Buffer Pool is a preferred memory allocator for the whole server. In AWE mode it allocates its memory leveraging AWE mechanism. It means that all allocations allocated through SQLOS's single page allocator will come from pages allocated through AWE. This is what many people really missing. Let me make the point again: When Server is configured for AWE mode, most of it allocations are allocated through AWE mechanism. This is exactly the reason why you won't see private bytes and memory usage growing for SQL Server in this mode.
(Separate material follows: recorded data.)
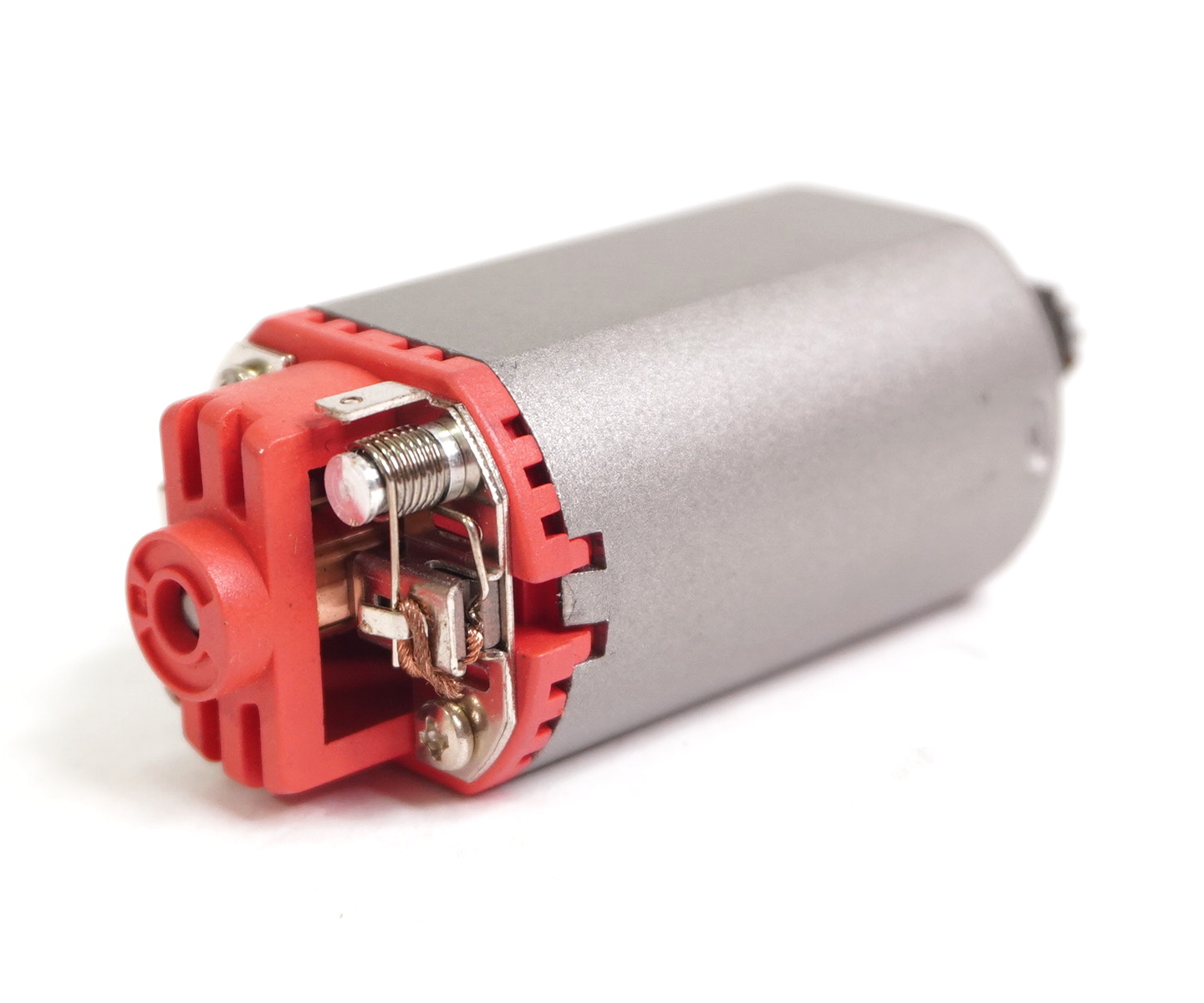 DJ0016 — стандартный мотор короткого типа (с короткой осью). Подходит для замены штатных моторов в моделях без тюнинга (пружины до 120-130 м/с). Обычно применяется в гирбоксах 3 версии (АК, G36, MP5K и др.). D-образная моторная шестерня.
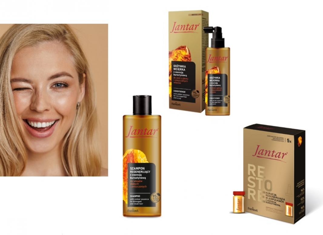 Ten piękny, a zarazem naturalny skarb ziemi, nie tylko czaruje swoim wyglądem, ale przede wszystkim fascynuje swoimi właściwościami. Nie bez powodu stał się wiodącym składnikiem w recepturach kosmetyków Jantar®. Teraz zachwyca jeszcze bardziej, dzięki udoskonalonym składom i formułom produktów z serii do włosów zniszczonych, które znajdziemy w ofercie marki. Z szamponem regenerującym, odżywką-wcierką i kuracją w ampułkach możesz liczyć nie tylko na nową jakość pielęgnacji. Ich praktyczne opakowania z odświeżoną szatą graficzną sprawiają, że korzystanie z nich to sama przyjemność.
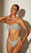 Dive into style with the ‘sea you soon’ bottoms with ring detail in white stripe! Designed to flatter and provide support, these briefs feature a unique white stripe pattern and ring details on the sides.
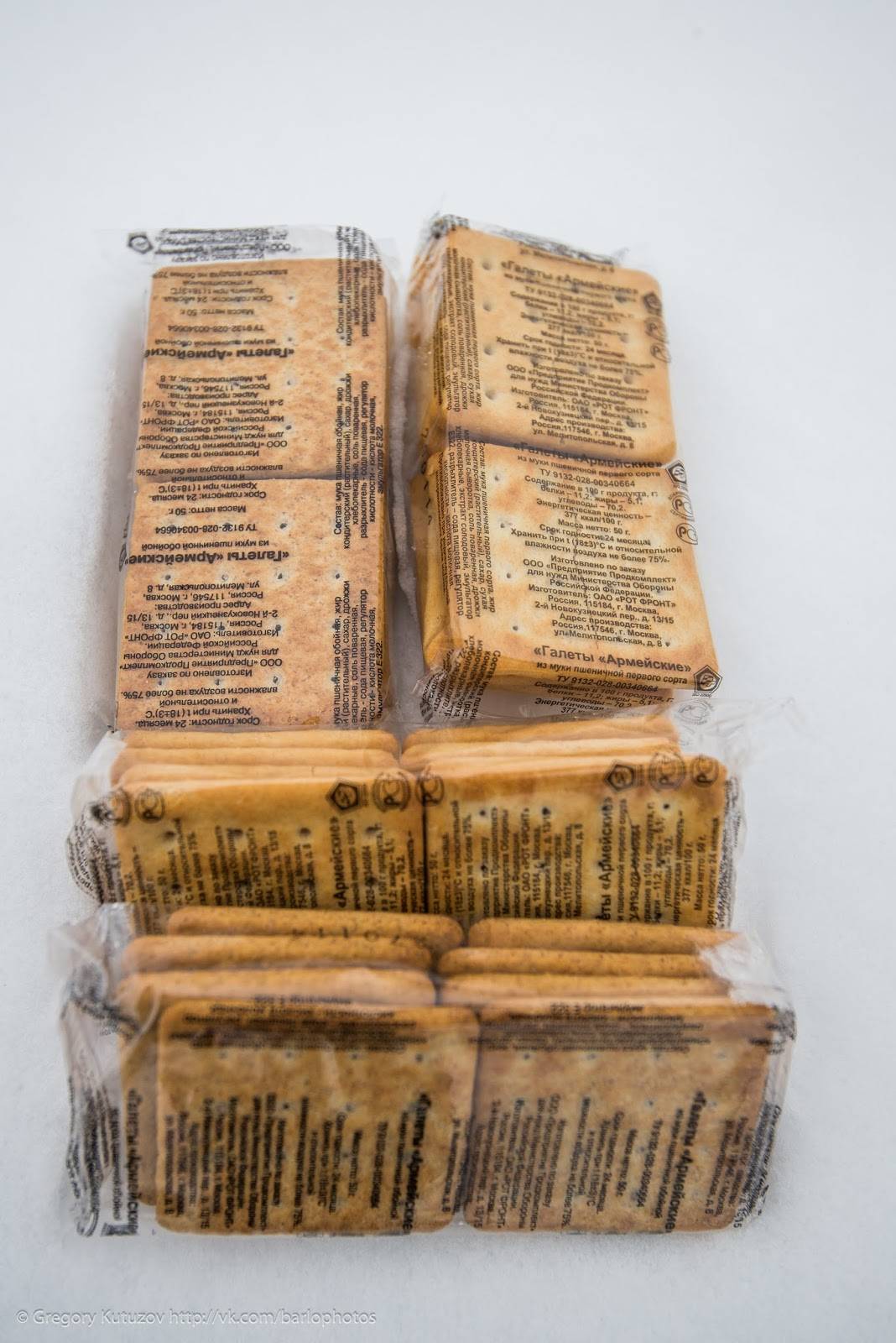 Классика жанра – галеты армейские, 4 упаковки. 2 упаковки из муки 1-ого сорта и 2 упаковки из муки обойной. Пресные печеньки, которые можно использовать вместо хлеба. На них можно намазать паштет, и получится бутерброд, а можно повидло, и будет десерт. Очень много функциональны. Но не советую есть их без всего, как обычный хлеб, лучше все-таки чем-то смазать.
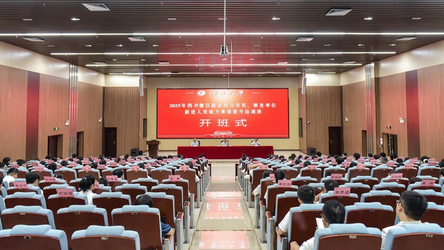 9月24日,2025年西乡塘区新录用公务员、事业单位新进人员能力素质提升培训班在我校开班。中共南宁市西乡塘区委常委、组织部部长李君出席开班式并作动员讲话,中共广西大学委员会组织部副部长陈世扬出席开班式并致辞,米兰体育副院长徐华主持开班式。
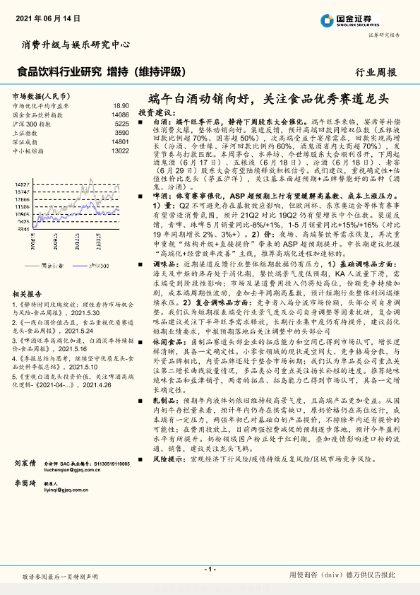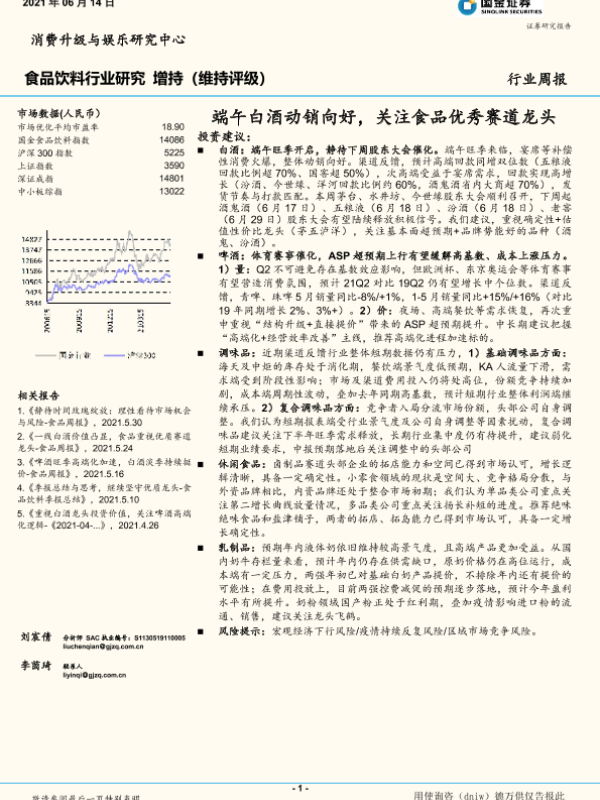 【国金证券】【20210614】20210614-国金证券-食品饮料行业周报:端午白酒动销向好,关注食品优秀赛道龙头-14页
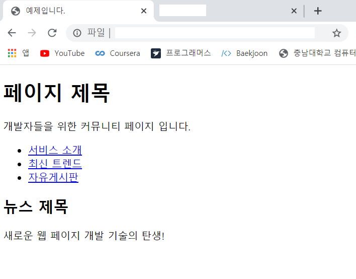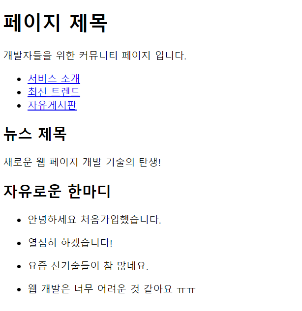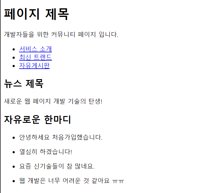 하지만 CSS를 따로 주지 않으면, 그냥 태그를 사용한 것과 동일한 출력을 보여준다.
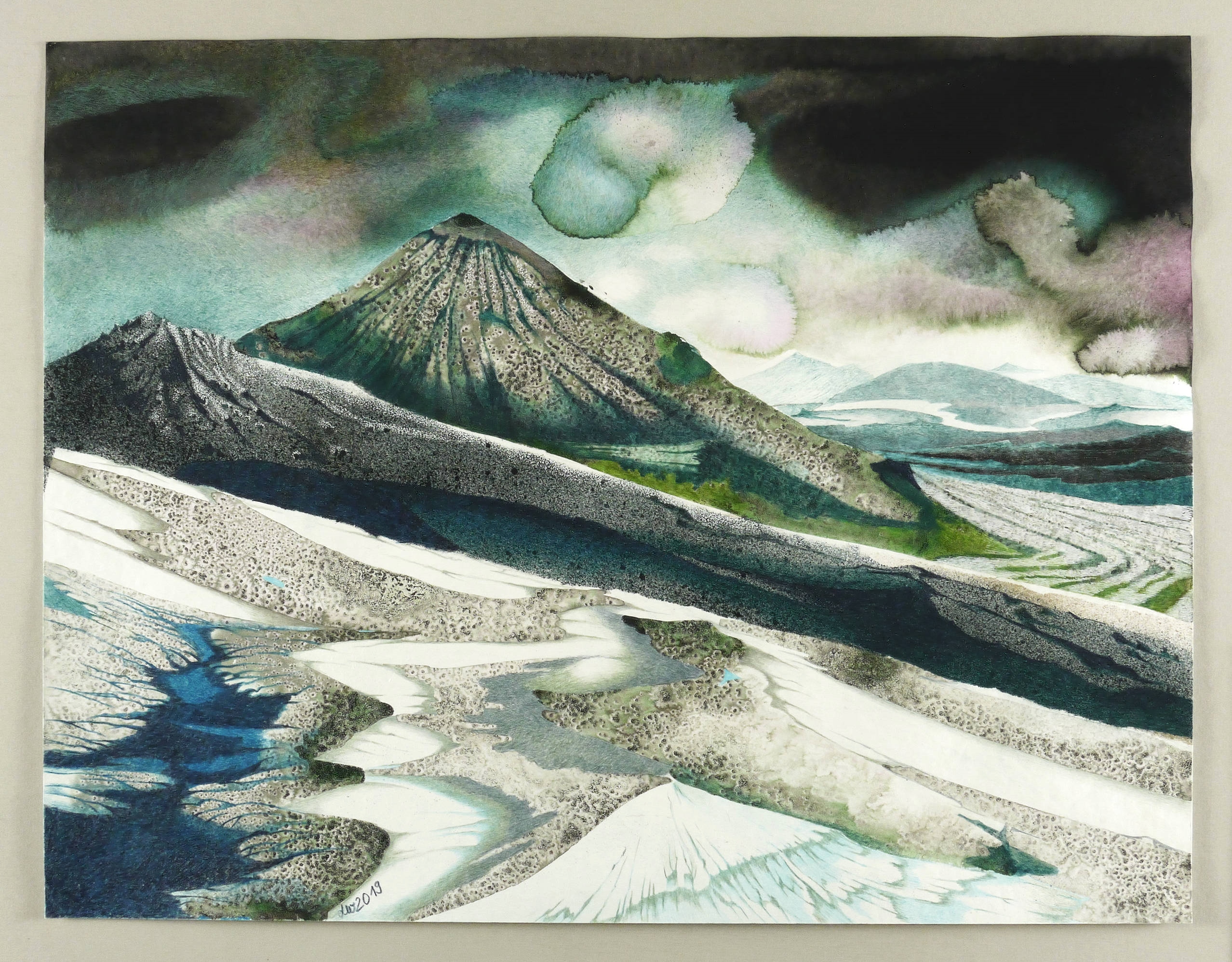 2019. Mischtechnik / Aquarellfarbe & farbige Tusche, auf Aquarellpapier. – Originale Künstlergrafik, von Leonore Adler. – Unikat. – 50,0 x 65,0 cm (Darstellung / Blatt).
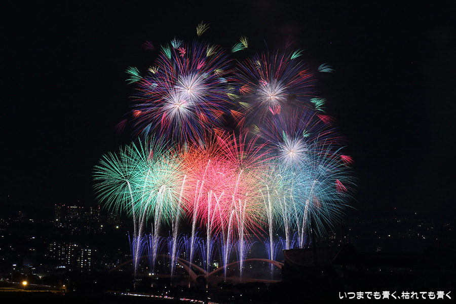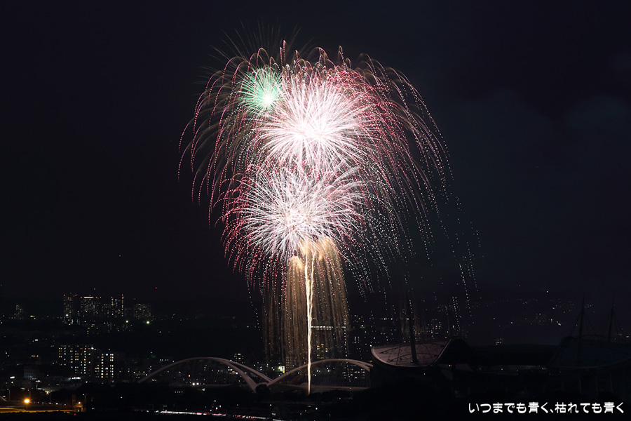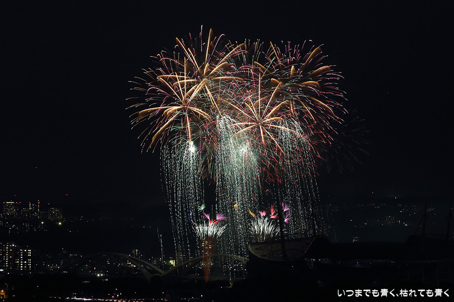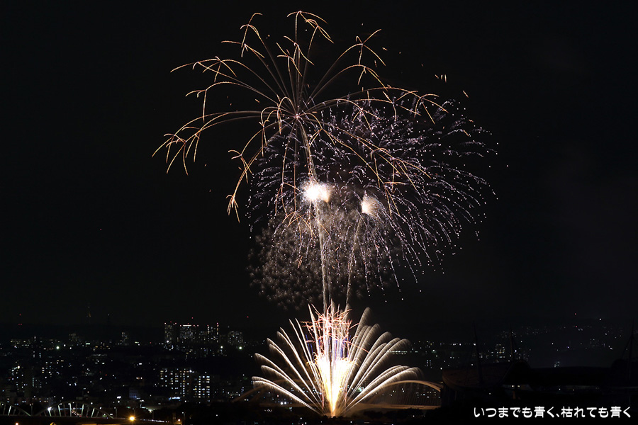 などあたらめて難しさを痛感しました。そんな状態でしたので、今回は面白い写真が少なかったように思います。花火自体も年々豪快さが乏しくなってきている感じもします。また、ここ3年は同じ場所からの撮影なので同じような写真ばかりになってきました。来年は撮影場所を変えたほうが良いかもしれませんが、他に良い場所を探すのも大変そうです。なお、重量級の望遠レンズで撮影した写真は三脚が耐え切れず、カメラが微妙に揺れて花火の軌跡が波打ってしまっているものがあります。細部には目を瞑ってご覧ください。

Since data pages are use relative addressing, i.e. self contained, Buffer Pool can map and unmap them into and out of process's VAS. Other components could have done the same if they were not relying on the actual allocation address. Unfortunately there are no components right now other than BP that can take advantage of AWE mechanism.
Future posts
I haven't completed discussion about SQLOS memory management yet . There is still much to talk about. In my next posts I will cover SQLOS caches and handling of memory pressure. It is also really important to look at dbcc memory status and related dmvs.
I understand that this material is not easy to grasp. Please let me know if you have any questions or you would like me to explain some areas in deeper details.
If you have any feedback I would love to hear that as well. This is really important to me so can adjust my posts accordingly.
The weekend is just a day away: Enjoy it!